▶ _Exercise aim_:
When the line with "Таким образом, в" turns up below, begin repeating exactly, and carry on through the line with "삼성물산 2021년 회계년도에"; no pictures go into the copy.
-----
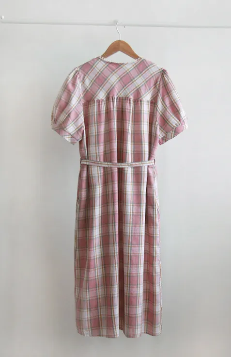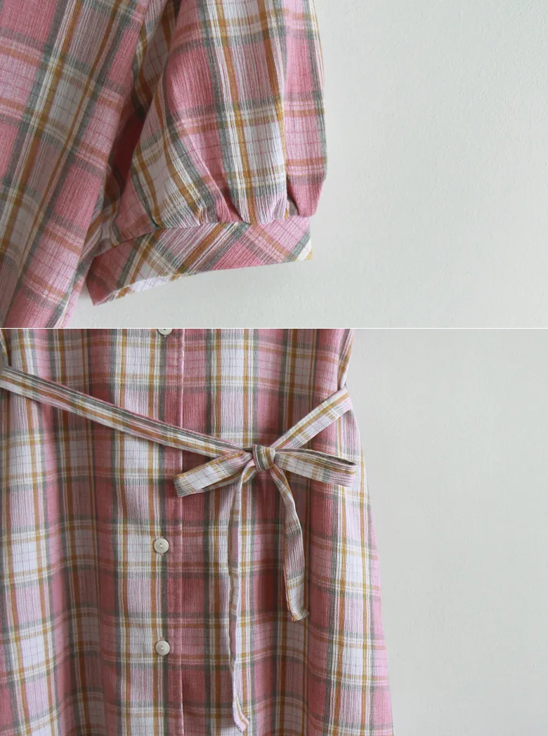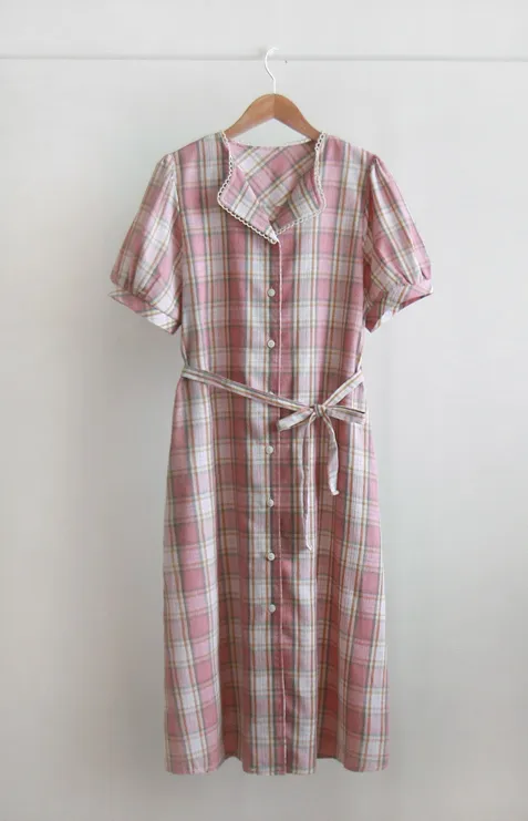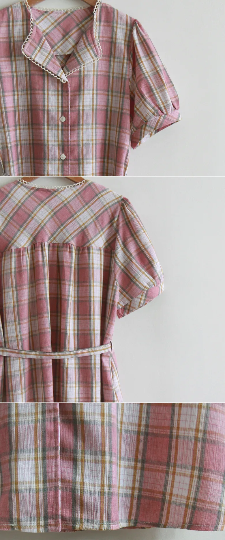 [涼爽的夏季夜色面料] [舒適貼合的抗皺面料,無需擔心變形] [不粘在身體上,很涼爽] [格紋圖案,充滿夏日的歡快感覺] [鈕扣開合] [腰帶套裝:可拆卸] [腰帶係緊將完成時尚的邊緣合身] [夏季可以涼爽穿著的格紋連身裙]
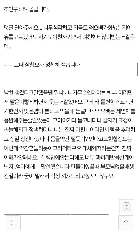 근데 뺨때리는오빠가 이해가안돼었고 그래서 우선 집을나온상태입니다. 남친집에 와있었어요.
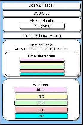 A PE executable basically contains two sections, which can be subdivided into several sections. One is Header and the other is Section. The diagram below explains everything
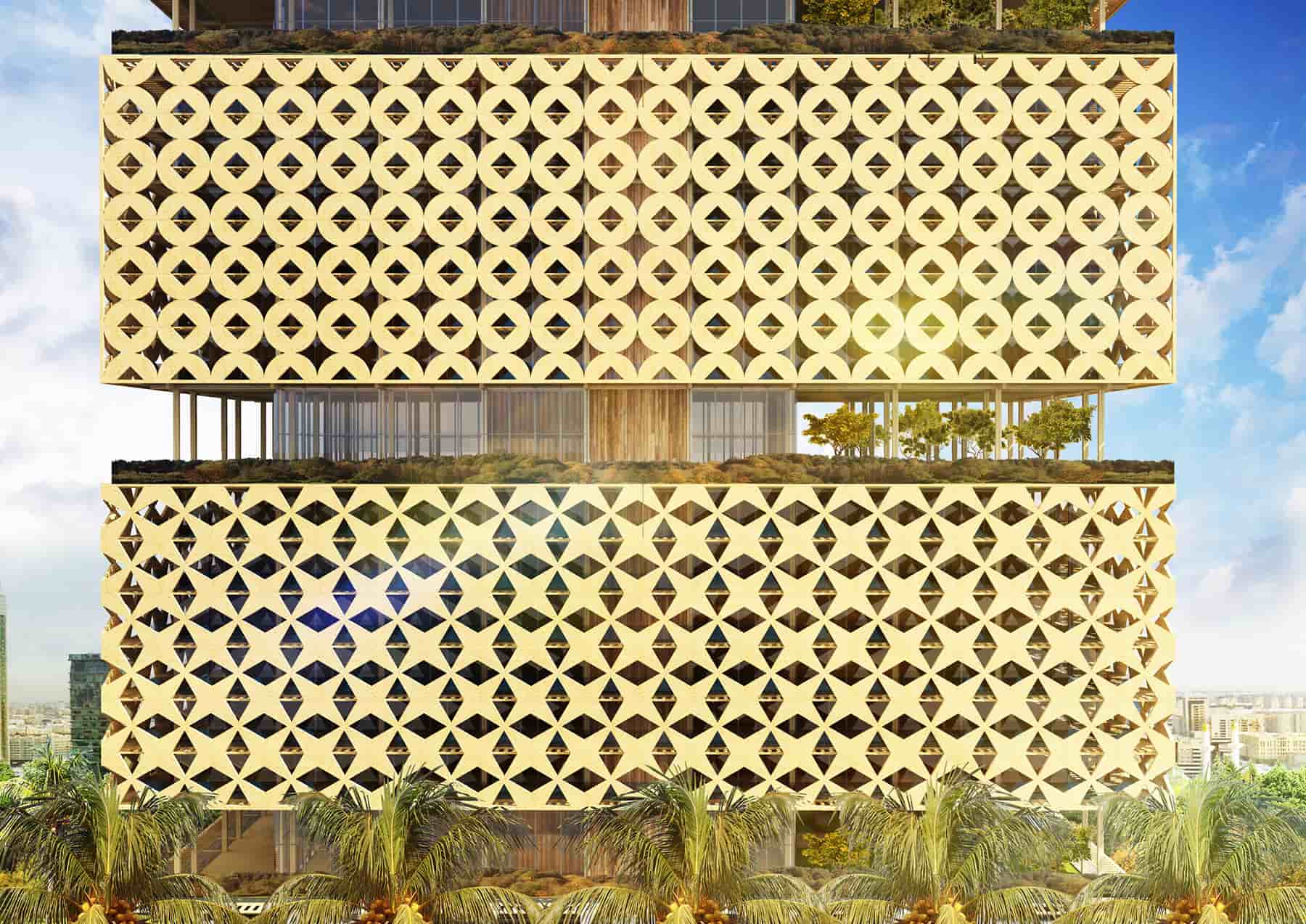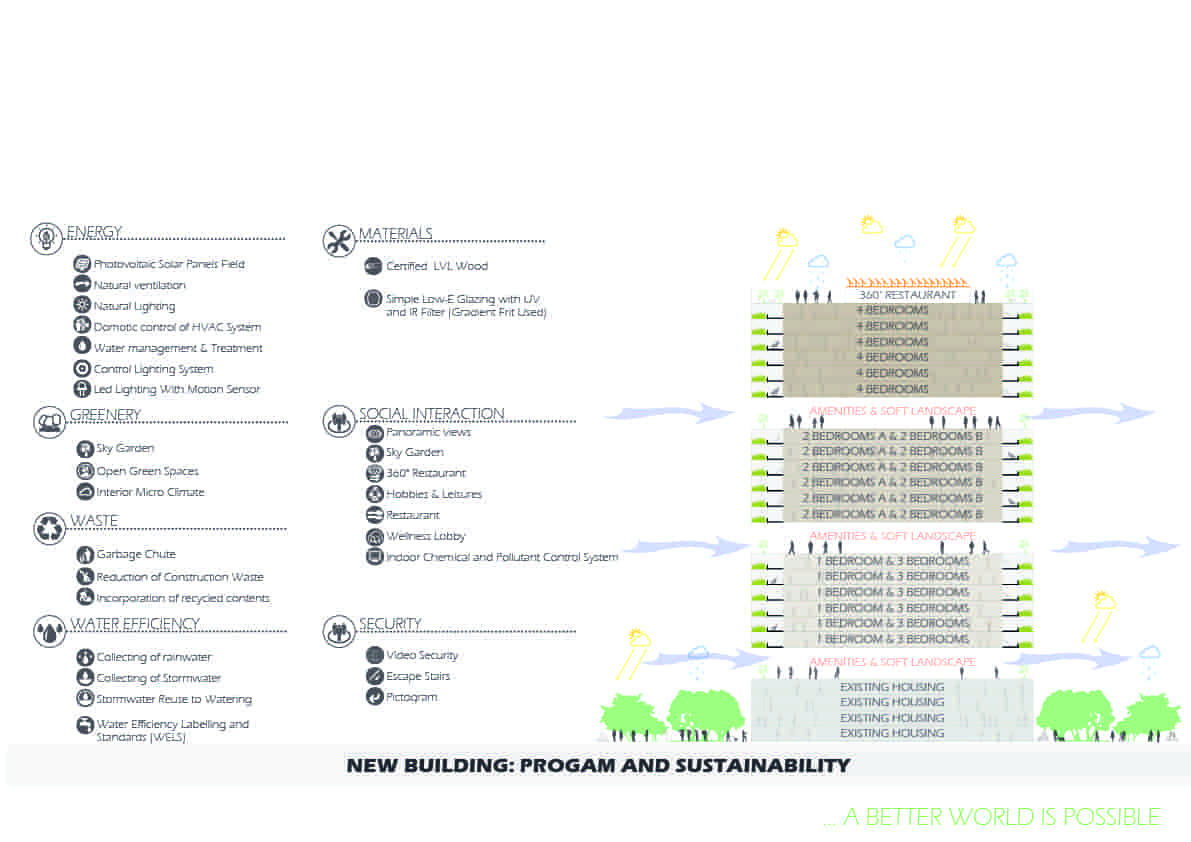 Lagos’s tower rises above the town and follow the sky and search to cross the limit of wooden construction. The new landmark is composed of mixed residential type used; it is built on the roof of Abebe Court, a housing estate. The whole is oriented to maximize daylight and natural ventilation. The wooden envelope provides shading from the heat of the direct sun around the shape. Plants belt around each floor contribute to creating fresh air flow and keep a constant microclimate into living space while providing a visual comfort and aesthetic. The project focuses on the open area. This is an experimental tall wooden structure in Lagos. The apartments are designed around a central core. Building is divided in 4 parts. The existing structure and new are separated by sky gardens and amenities. The top roof consists of 360° restaurants and lush greenery. Sky gardens also contribute in social gathering between users. It gives a new natural footprint face to the historic Centre dominated by massive and heavy building built in ceramic, concrete and asphalt.
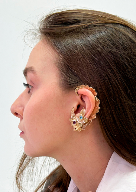 Таким образом, в изделиях заложен смысл расцвета внутренних сил человека, его стремление к прекрасному, а отражено это при помощи разноцветных камней: топаза, хризолита, родалита. Изделия выполнены из бронзы с мятой текстурой, что отражает пройденный путь человека с его взлетами и падениями.
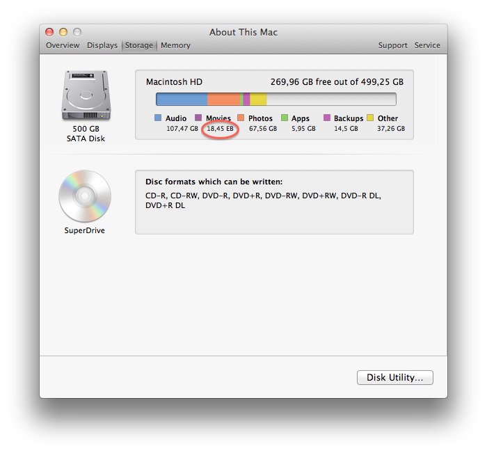The storage-tab on About my mac says I have over 18 EB of movies.
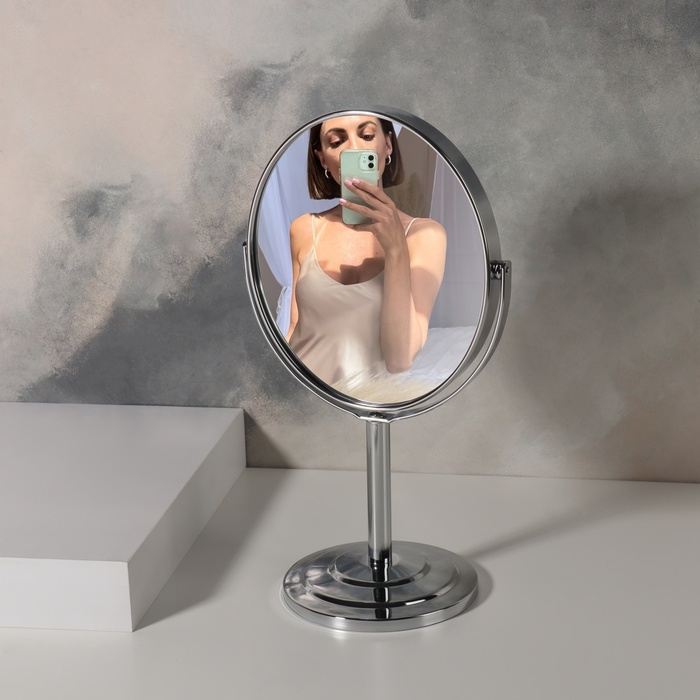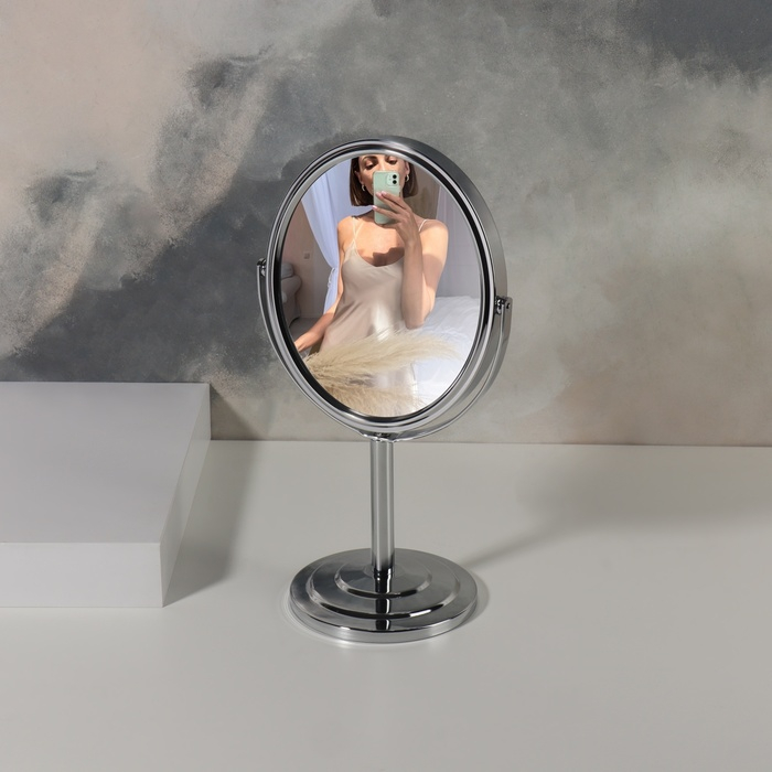 Зеркало на ножке «Овал», двустороннее, с увеличением, зеркальная поверхность 12,5 × 14 см, цвет серебристый
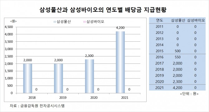 삼성물산 2021년 회계년도에 주당 4200원 배당금 vs 삼성바이오 2011년 설립후 한번도 배당금 없어…증권가에서는 삼성물산의 삼성바이오 매각 가능성도 배제안해
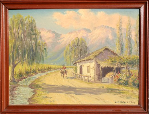 LOBOS, Alberto, (Chilean, 1892-1925): Rural Scene with Huaso on Horseback, O/C, signed, worn frame. Alberto Lobos and his brothers Enrique and Alfredo were all members of the ''Generation of Thirteen'' (meaning the year 1913), a bohemian group recognized as the best artists of their time in Chile, the very early 20th century. They were all students of the same mentor, one Maestro Fernando Alvarez de Sotomayor(1875-1960), a Spaniard imported to Chile by its government to lead the program at the Escuela de Bellas Artes de Chile.
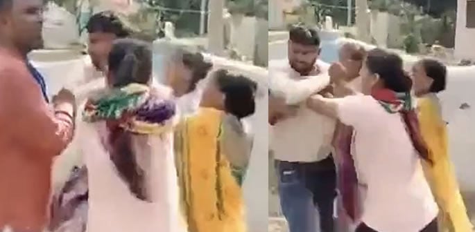 A video has circulated of an Indian husband being beaten by his wife and mother-in-law.
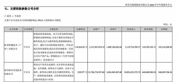 根据其2020半年报,欧菲影像(即得尔塔)录得营收21.2亿元,占当期营收总额约10%;净利润1.8亿元,占当期总净利约36%。可以看出,该子公司属于欧菲光的核心资产。
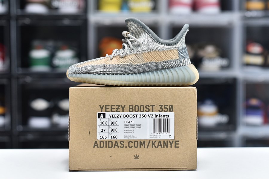 The adidas Yeezy Boost 350 V2 Infant “Israfil” is the tiny infant sizing of the Summer 2020 release that displays an eye-pleasing mixture of muted colors. Like many Yeezy Boost 350 V2 colorways, the “Israfil” is tuned for versatility, comfort, and style. Its breathable Primeknit upper features hues of blue and cream woven into its design. An orange monofilament side stripe on the mid-panel contrasts the subdued appearance. Adidas packs ample Boost cushioning into the sole of this little shoe for infants.
-----
▶ _Solution to the exercise_:
 Таким образом, в изделиях заложен смысл расцвета внутренних сил человека, его стремление к прекрасному, а отражено это при помощи разноцветных камней: топаза, хризолита, родалита. Изделия выполнены из бронзы с мятой текстурой, что отражает пройденный путь человека с его взлетами и падениями.
The storage-tab on About my mac says I have over 18 EB of movies.
 Зеркало на ножке «Овал», двустороннее, с увеличением, зеркальная поверхность 12,5 × 14 см, цвет серебристый
 삼성물산 2021년 회계년도에 주당 4200원 배당금 vs 삼성바이오 2011년 설립후 한번도 배당금 없어…증권가에서는 삼성물산의 삼성바이오 매각 가능성도 배제안해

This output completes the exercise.